Available records Block Start
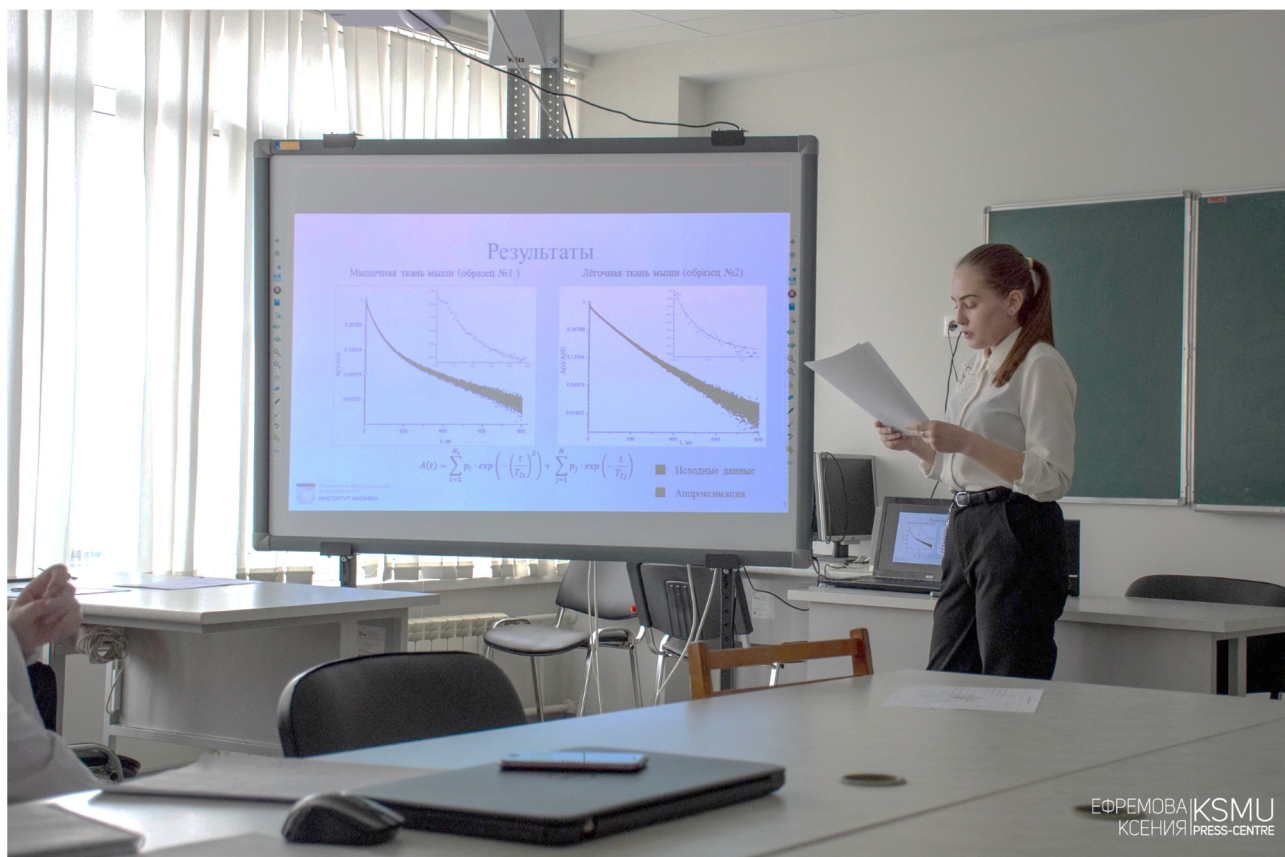
Рис. 4. Представление результатов исследования
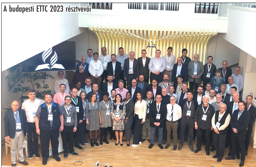
A budapesti ETTC 2023 résztvevői
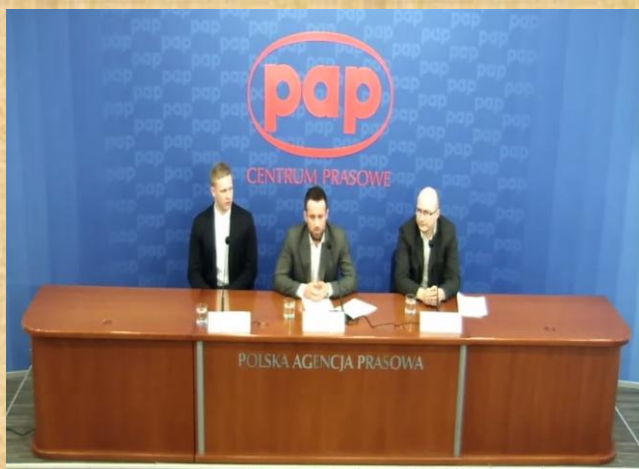
Konferencja prasowa w PAP, działacze Fundacji alarmują o zagrożeniach, które wynikają ze współpracy z wydawnictwami edukacyjnymi.

Członkowie Fundacji, walcząc o poprawę w polskim szkolnictwie spotykają się i współpracują z osobami, oraz organizacjami, dla których edukacja i wychowanie najmłodszego pokolenia nie jest obojętne. Najważniejsze postulaty Fundacja ogłasza na konferencjach prasowych, komisjach sejmowych, itp. Dzięki skuteczności w działaniach, nasze apele często pojawiają się w najważniejszych polskich gazetach, portalach.
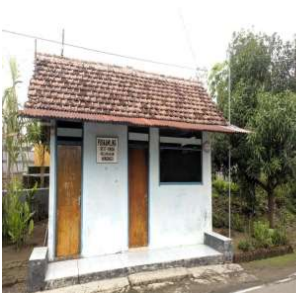
POS KAMPLING RT 17 RW 06
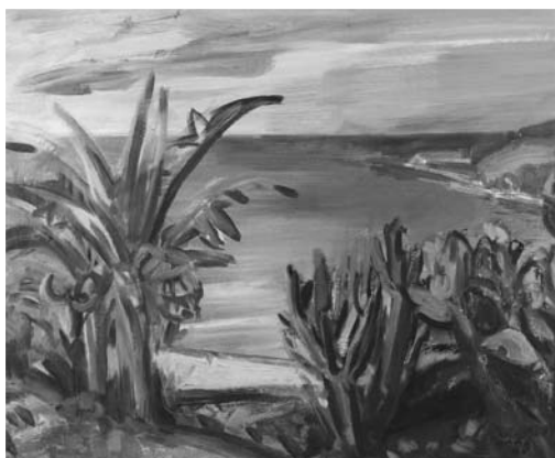
Tengerpart banánfákkal , 1988, olajtempera, farost, magántulajdon

ábrázoló alkotása, amelyen szinte érzékelhető a fülledt, párás atmoszféra, a déli nap vakító ragyogása. Hasonló kompozíciós megoldással készültek többek között a Bolgár tengerpart (1968, olajtempera, farost, Miskolc Megyei Jogú Város Önkormányzata), a Cataniai-öböl (1968, pasztell, papír, Miskolci Egyetem), a Panzió Amalfinál (1969, pasztell, papír, magántulajdon) és a Sziklás part Malagánál (1973, olajtempera, farost, magántulajdon) című festményei. A másik verzióhoz tartozó alkotásokon a három elem, föld, víz, levegő frontálisan egymás mögé kerül, mint a horizontális rétegek. A partszakasz barna tónusaival, illetve a víz kékjének valőrjeivel egzotikus tájképi hangulatot, valamint tónusbeli harmóniát teremt meg ( Tengerpart , 1980, olajtempera, farost, magántulajdon; Napospart , 1982, olajtempera, vászon, Miskolc Megyei Jogú Város Önkormányzata).
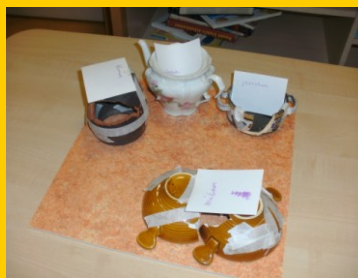
Puzzelen en plakken op de buitenschoolse opvang
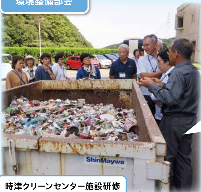
時津クリーンセンター施設研修

年1回程度、環境問題について研修を実施しています。コロナ禍の影響でここ2年研修はできていませんが、令和元年9月25日には、時津クリーンセンターとクリーンパーク長与において、施設の沿革やごみの分別について、焼却場のしくみ・安全性などについて説明を受け、理解を深めました。そして「環境問題」は「ごみ処理の問題」であることを再認識しました。
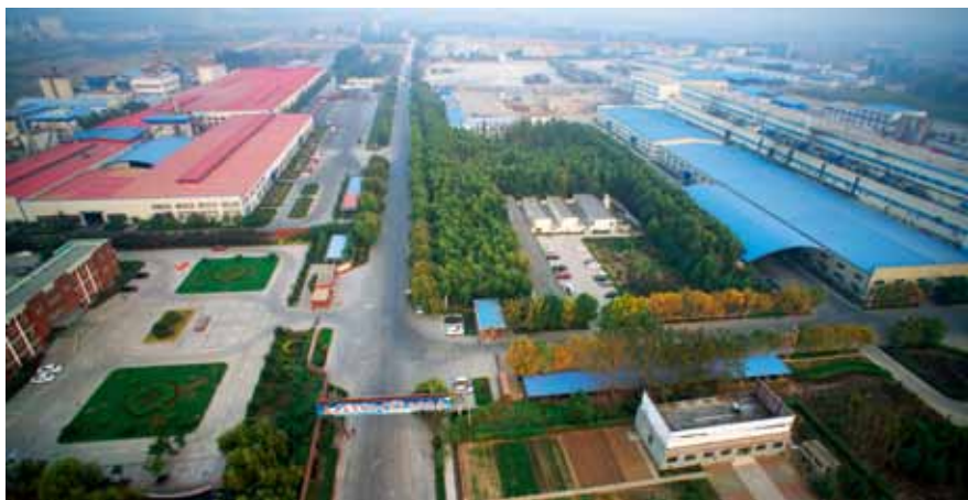
现代化的工业园区

些小石膏矿进货，但守着聚宝盆不能用还要到外边进货实在让人心有不甘，更难的是全厂几百名职工的生计。
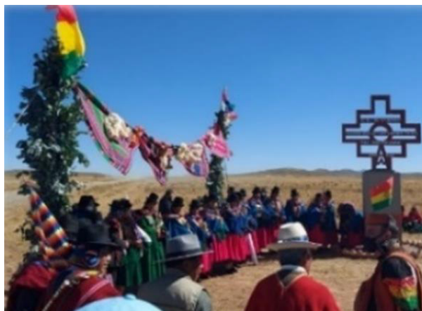
Gráfico 7 La cruz Andina – Ingreso a la Comunidad de Pallina Grande

☐ Decidir: es cómo se quiere cambiar el futuro del país, el niño debe estar decidido a realizar cambios para mejorar el diario vivir.
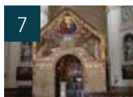
7 VIE DU DIOCÈSE Débat : « Réparer l'Église »
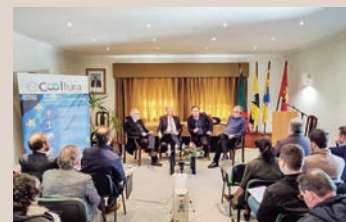
Palestra “Europa: (sempre) na encruzilhada”

A organização esteve a cargo do Núcleo Promotor do Auto da Floripes 5 de Agosto, com o apoio das autarquias de Vila de Punhe, Mujães, União das Freguesias de Barroselas e Carvoeiro, e Câmara Municipal. ■
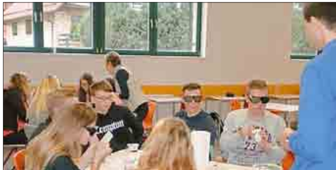
Mittels spezieller Brillen wurden altersbedingte Beeinträchtigungen der Sehkraft verdeutlicht.
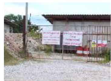
อาคารเก็บวัสดุระเบิด
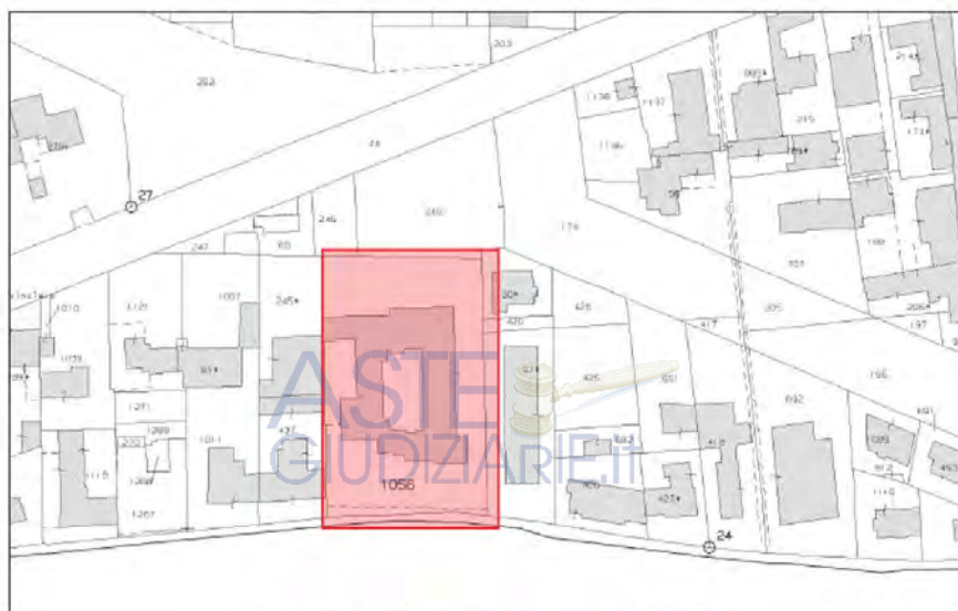
Figura n. 2 - Estratto mappa catastale

Si riporta altresì la sovrapposizione tra le due mappe:
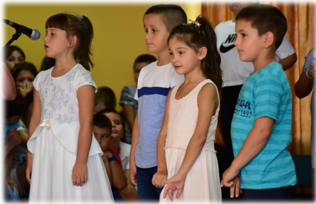
Свечана приредба поводом поласка у први разред
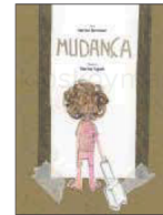
Mudança M. Bennàssari i M. Uguet Disset, 15 euros

Aquest llibre il·lustrat ofereix diferents lectures: una de lúdica, per gaudir amb els protagonistes del món fantàstic dels dinosaures tan popular en la infància; una d'empàtica, per connectar amb la inseguretat i la por que ens poden provocar els canvis (de domicili, d'escola, de classe...); i una de reflexiva, per qüestionar-nos el nostre bagatge cultural referent als estereotips de gènere.
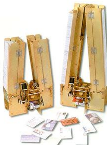
Диспенсеры на 600 и 1000 карт

Диспенсер карт — это весьма сложное изделие точной механики и электроники, требующее квалифицированного периодического обслуживания, чистых карточек и других условий, которые непросто обеспечить в процессе эксплуатации парковки.
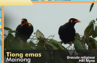
Tiong emas Mainong Gracula religiosa Hill Myna
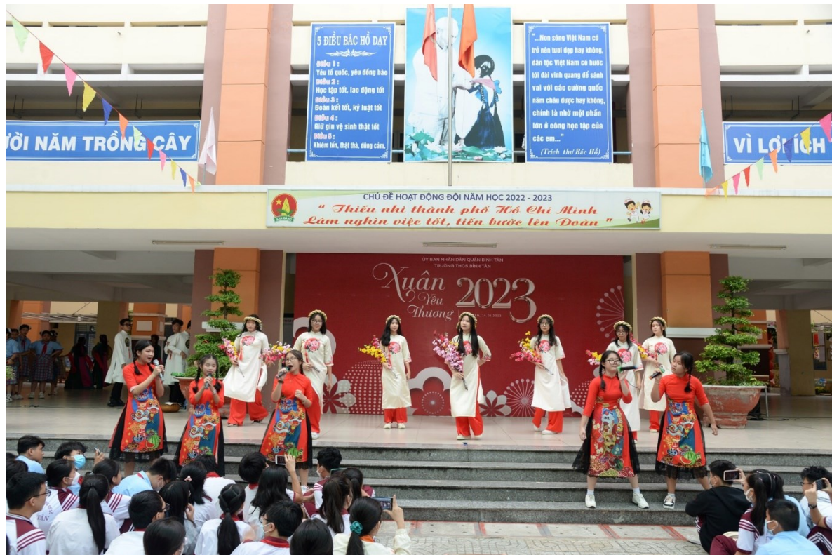
Tiết mục “Như hoa mùa xuân” được trình diễn bởi sự kết hợp của các lớp: 7/1 – 7/2 – 8/5 – 9/13. Tiết mục nhảy hiện đại “Cô ba Sài Gòn” được trình bởi sự kết hợp của lớp: 9/4 – 9/5 – 9/10 – 9/14.
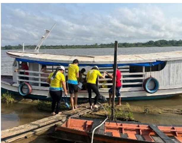
Figura 4: Ida dos missionários para visitar as casas mais distantes
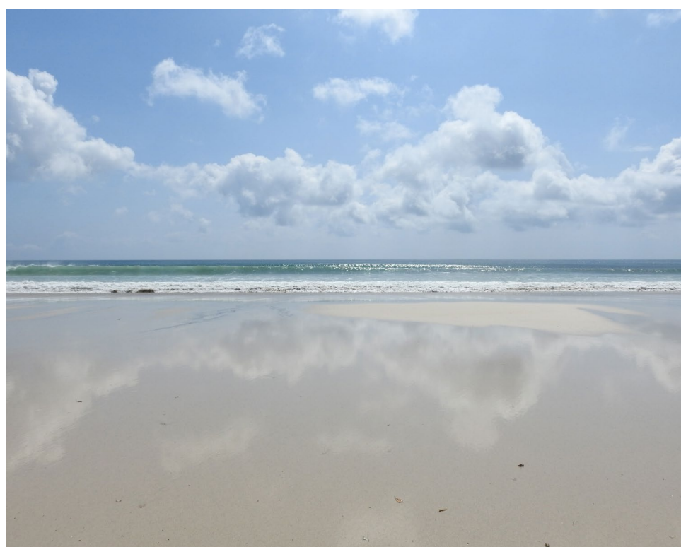
足摺宇和海国立公園
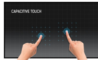
Dokunmatik teknolojisi - Kapasitif (PCAP)

Bu teknoloji, ekranı kaplayan cama entegre edilmiş mikro ince tellerden oluşan bir sensör ızgarası kullanır. İnsan parmağı camın üzerine yerleştirildiğinde sensör ızgarasının elektriksel özellikleri değişir, dokunma algılanır. Cam kaplama sayesinde bu teknoloji son derece dayanıklıdır ve cam çizilse bile dokunma işlevi etkilenmez. Mükemmel görüntü performansı sunar ve insan parmağıyla (ayrıca lateks eldivenli) ve stylus kalemle çalışır.
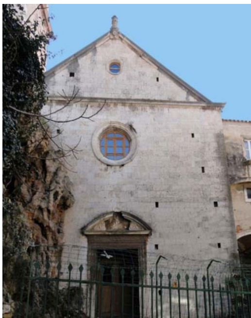
Slika 8: Pročelje crkve

profilirani portal sa skromnim ali lijepim baroknim nadvratnikom. Na donjem dijelu dovratnika izrezbaren je motiv cvijeta. U kutevima otvorenog timpanona nalaze se volute, a na samom vrhu u tjemenu luka nalazi se motiv školjke, dok ostalog ukrasa nema.
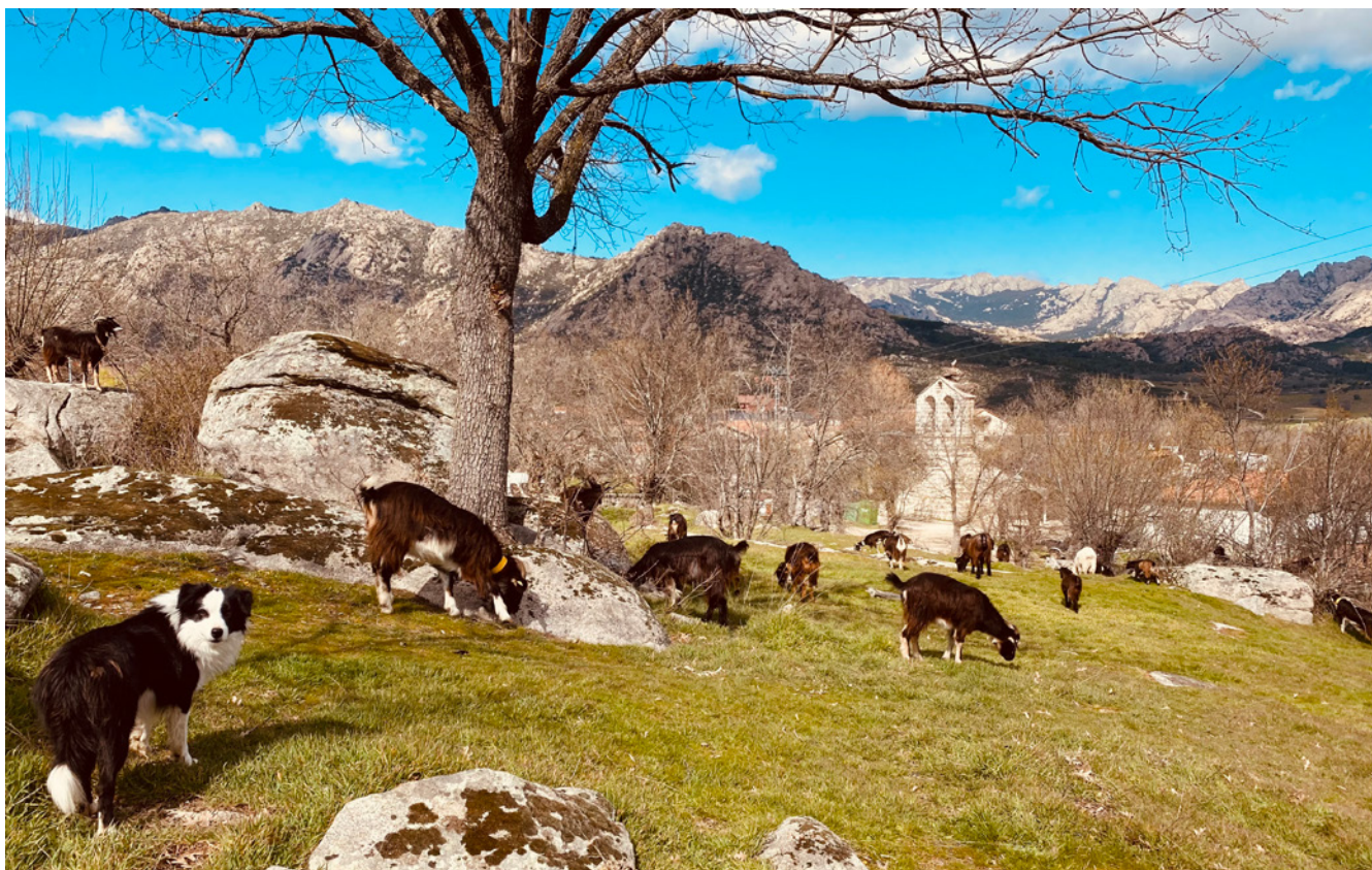
Fig. 1. Rebaño Municipal de cabras guadarrameñas pastando y desbrozando una parcela en El Boalo.
Available records Block End
Exercise aim –
With the pictures removed from your copy, retype the lines above from the one that contains "時津クリーンセンター施設研修" through the one that contains "9/10 – 9/14.", exactly.

Solution to the exercise –
時津クリーンセンター施設研修

年1回程度、環境問題について研修を実施しています。コロナ禍の影響でここ2年研修はできていませんが、令和元年9月25日には、時津クリーンセンターとクリーンパーク長与において、施設の沿革やごみの分別について、焼却場のしくみ・安全性などについて説明を受け、理解を深めました。そして「環境問題」は「ごみ処理の問題」であることを再認識しました。
现代化的工业园区

些小石膏矿进货，但守着聚宝盆不能用还要到外边进货实在让人心有不甘，更难的是全厂几百名职工的生计。
Gráfico 7 La cruz Andina – Ingreso a la Comunidad de Pallina Grande

☐ Decidir: es cómo se quiere cambiar el futuro del país, el niño debe estar decidido a realizar cambios para mejorar el diario vivir.
7 VIE DU DIOCÈSE Débat : « Réparer l'Église »
Palestra “Europa: (sempre) na encruzilhada”

A organização esteve a cargo do Núcleo Promotor do Auto da Floripes 5 de Agosto, com o apoio das autarquias de Vila de Punhe, Mujães, União das Freguesias de Barroselas e Carvoeiro, e Câmara Municipal. ■
Mittels spezieller Brillen wurden altersbedingte Beeinträchtigungen der Sehkraft verdeutlicht.
อาคารเก็บวัสดุระเบิด
Figura n. 2 - Estratto mappa catastale

Si riporta altresì la sovrapposizione tra le due mappe:
Свечана приредба поводом поласка у први разред
Mudança M. Bennàssari i M. Uguet Disset, 15 euros

Aquest llibre il·lustrat ofereix diferents lectures: una de lúdica, per gaudir amb els protagonistes del món fantàstic dels dinosaures tan popular en la infància; una d'empàtica, per connectar amb la inseguretat i la por que ens poden provocar els canvis (de domicili, d'escola, de classe...); i una de reflexiva, per qüestionar-nos el nostre bagatge cultural referent als estereotips de gènere.
Диспенсеры на 600 и 1000 карт

Диспенсер карт — это весьма сложное изделие точной механики и электроники, требующее квалифицированного периодического обслуживания, чистых карточек и других условий, которые непросто обеспечить в процессе эксплуатации парковки.
Tiong emas Mainong Gracula religiosa Hill Myna
Tiết mục “Như hoa mùa xuân” được trình diễn bởi sự kết hợp của các lớp: 7/1 – 7/2 – 8/5 – 9/13. Tiết mục nhảy hiện đại “Cô ba Sài Gòn” được trình bởi sự kết hợp của lớp: 9/4 – 9/5 – 9/10 – 9/14.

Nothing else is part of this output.